[Dataset items]
*** Block opens ***
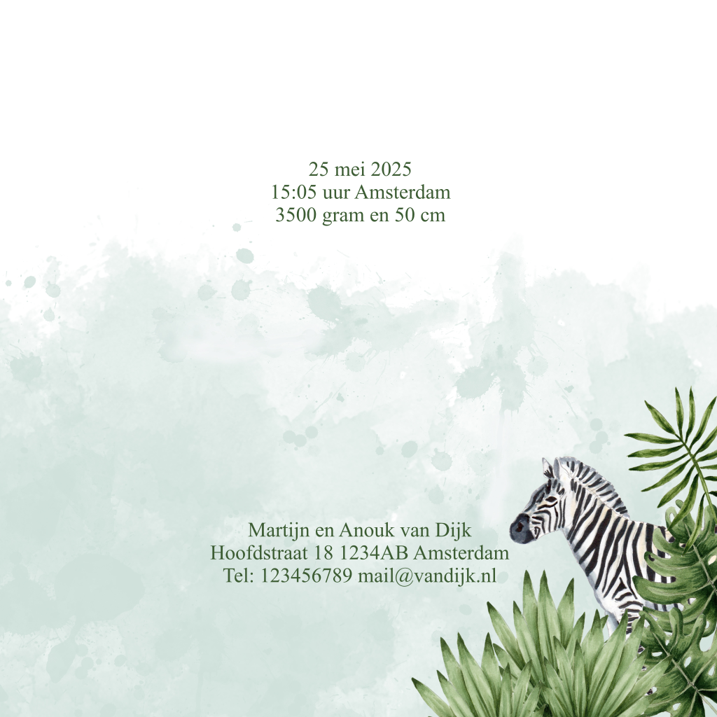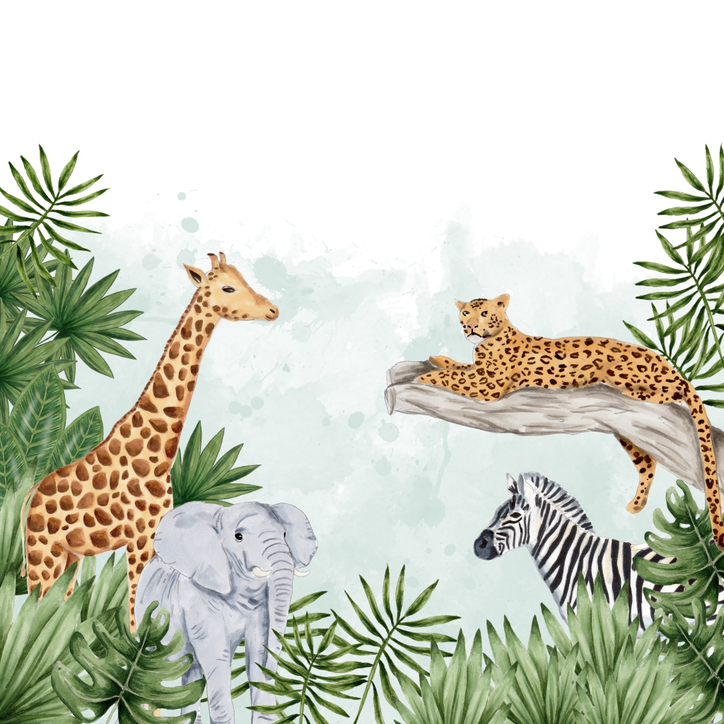 Een hip geboortekaartje voor een tweeling, met jungle illustratie, dieren en goudfolie. Pas zelf de teksten aan. (21435)
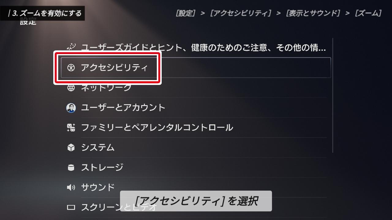 まずは、上から2番目にある「アクセシビリティ」を選択してください。
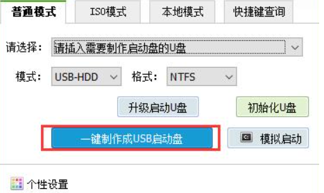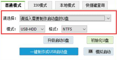 2、插入U盤,選擇普通模式,模式選擇:USB—HDD,格式選擇:NTFS。
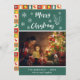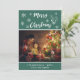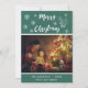 A modern Christmas photo card in green and white. Customise and add your family photo for the holiday greetings. Merry Christmas in white with snowflakes. Template for your family name on front. Green background colour.
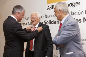 La cena benéfica, celebrada en Gijón, contó con la participación de más de un centenar de personas que, además, fueron testigos del homenaje que el Club ASTURmanager quiso rendir al Padre Ángel y a su incansable labor con los niños, con nuestros mayores y las personas en situación marginal en general. Tras la glosa realizada por un gran conocedor de la labor del sacerdote diocesano como es Serafín Abilio Martínez, presidente de la Fundación Cruz de los Ángeles, el presidente de ASTURmanager, Belarmino Feito, le impuso al Padre Ángel la insignia de oro y brillantes del Club.
*** Block closes ***
§ **Directions**: The copy should hold every entry above word for word and none of the pictures.

§ **Result of this exercise**:
 Een hip geboortekaartje voor een tweeling, met jungle illustratie, dieren en goudfolie. Pas zelf de teksten aan. (21435)
 まずは、上から2番目にある「アクセシビリティ」を選択してください。
 2、插入U盤,選擇普通模式,模式選擇:USB—HDD,格式選擇:NTFS。
 A modern Christmas photo card in green and white. Customise and add your family photo for the holiday greetings. Merry Christmas in white with snowflakes. Template for your family name on front. Green background colour.
 La cena benéfica, celebrada en Gijón, contó con la participación de más de un centenar de personas que, además, fueron testigos del homenaje que el Club ASTURmanager quiso rendir al Padre Ángel y a su incansable labor con los niños, con nuestros mayores y las personas en situación marginal en general. Tras la glosa realizada por un gran conocedor de la labor del sacerdote diocesano como es Serafín Abilio Martínez, presidente de la Fundación Cruz de los Ángeles, el presidente de ASTURmanager, Belarmino Feito, le impuso al Padre Ángel la insignia de oro y brillantes del Club.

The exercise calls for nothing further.